Two ASX dividend shares with attractive yields are listed below. Here's what you need to know about them:
BHP Group Ltd (ASX: BHP)
BHP, also known as the Big Australian, is one of the world's biggest mining companies. It owns a collection of high quality assets across various commodities and regions. This includes the Escondida and Olympic Dam copper operations and the Western Australia Iron Ore and Samarco iron ore operations. Thanks to favourable prices and its low costs, BHP is currently generating significant free cash flow from its operations in 2020.
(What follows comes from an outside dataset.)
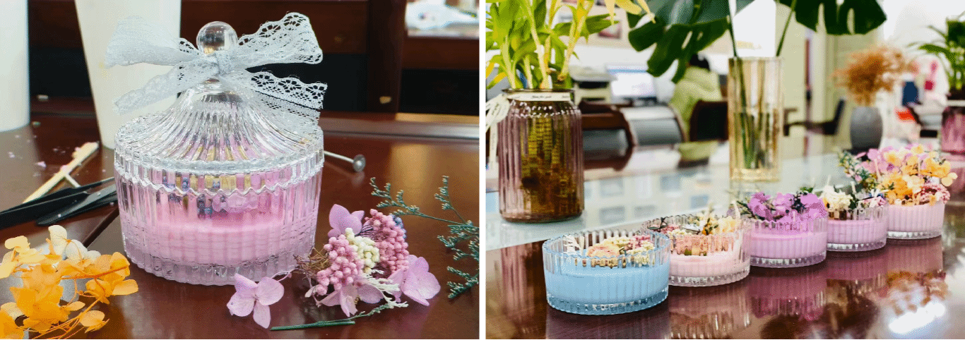 经过一个多小时的制作,一个个造型多样、芬芳浓郁的香薰蜡烛就完成了。幽香的蜡烛在教职工们巧手的点缀下,显得格外的精致典雅。

This bodes well for shareholders in FY 2021 according to analysts at Macquarie. The broker expects BHP to pay a ~$2.80 per share fully franked dividend this year. Based on the current BHP share price, this would mean a very generous 7.7% dividend yield.
Wesfarmers Ltd (ASX: WES)
Wesfarmers is one of Australia's leading conglomerates. It owns a wide range of popular businesses including Kmart, Target, Catch, Officeworks, and Bunnings. The latter is the company's key business and contributes materially to its overall earnings. The good news is that the hardware giant has been in fine form this year and delivered sales growth of 25.2% for the first four months of FY 2021.
One broker that believes this has left the company well placed to grow its dividend in FY 2021 is Morgans. According to a note out of the broker, its analysts have pencilled in a 157 cents per share fully franked dividend this year. Based on the current Wesfarmers share price, this represents an attractive forward 3.2% dividend yield.